Rak w ciąży brzmi jak coś niemożliwego – a jednak coraz częściej się zdarza. Powodem jest m.in. fakt, że nowotwory coraz częściej dotyczą młodych dorosłych, a kobiety decydują się na macierzyństwo w późniejszym wieku.

Jak podkreśla prof. Marzena Dębska, jeszcze kilkanaście lat temu choroba nowotworowa w ciąży była dla wielu lekarzy sytuacją graniczną. Dziś medycyna daje możliwości, o których wcześniej można było tylko marzyć. Kobieta może być skutecznie leczona, a dziecko urodzi się zdrowe.
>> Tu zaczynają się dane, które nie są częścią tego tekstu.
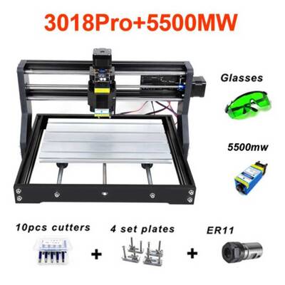 CNC3018 Pro ile birlikte CNC motoru ve 5500mw gücünde Lazerde gelmektedir. Bu sayede hem oyma işlemlerini hemde markalama, yakma işlemelerini tek cihaz ile rahatlıkla yapabilirsiniz.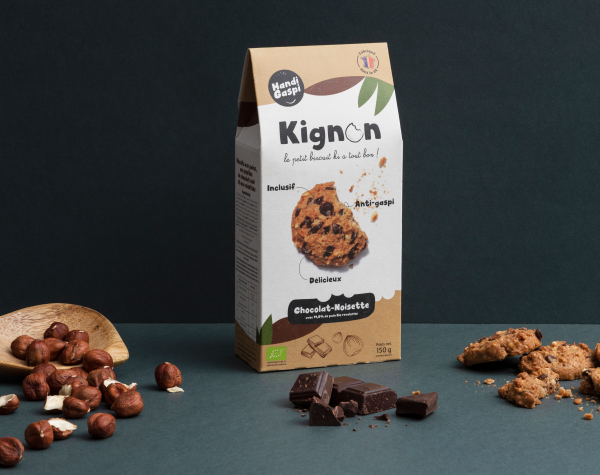 Des pépites de chocolat noir et des éclats de noisettes dans un biscuit bio aux pains, à la croustillance unique.

Najczęściej w ciąży rozpoznaje się: raka piersi, chłoniaki i białaczki, czerniaka, raka płuca i nowotwory przewodu pokarmowego. Niestety, u ciężarnych rak często jest wykrywany w późniejszym stadium. Ciąża potrafi „maskować” objawy, które normalnie wzbudziłyby czujność. Powiększenie i tkliwość piersi tłumaczymy ciążą, bóle brzucha – ruchami dziecka lub przyjmowaniem żelaza, nudności, brak apetytu, zmęczenie oczywiście ciążą. W efekcie kobieta trafia do lekarza dopiero, gdy objawy stają się niepokojące.

W ciąży trzeba zachować szczególną czujność onkologiczną. Jeśli coś budzi niepokój – nie wolno odkładać diagnostyki na „po porodzie” – podkreśla prof. Dębska.

Współczesna medycyna pozwala na przeprowadzenie wielu badań obrazowych również u ciężarnych:

  • USG piersi – całkowicie bezpieczne,

  • mammografia – dopuszczalna w uzasadnionych przypadkach,

  • RTG, gastroskopia, kolonoskopia – możliwe po odpowiednim zabezpieczeniu,

  • rezonans magnetyczny – bez kontrastu może być wykonywany w każdym trymestrze.

Ważne jest, aby badania planować w ośrodkach z doświadczeniem w prowadzeniu pacjentek onkologicznych w ciąży. W Polsce liczba takich miejsc stale rośnie. Do niedawna kobiecie z rakiem w ciąży proponowano często terminację ciąży, by rozpocząć leczenie. Dziś to już przeszłość. W ogromnej większości przypadków możemy tak zaplanować terapię, aby była skuteczna dla matki i bezpieczna dla dziecka – tłumaczy prof. Dębska.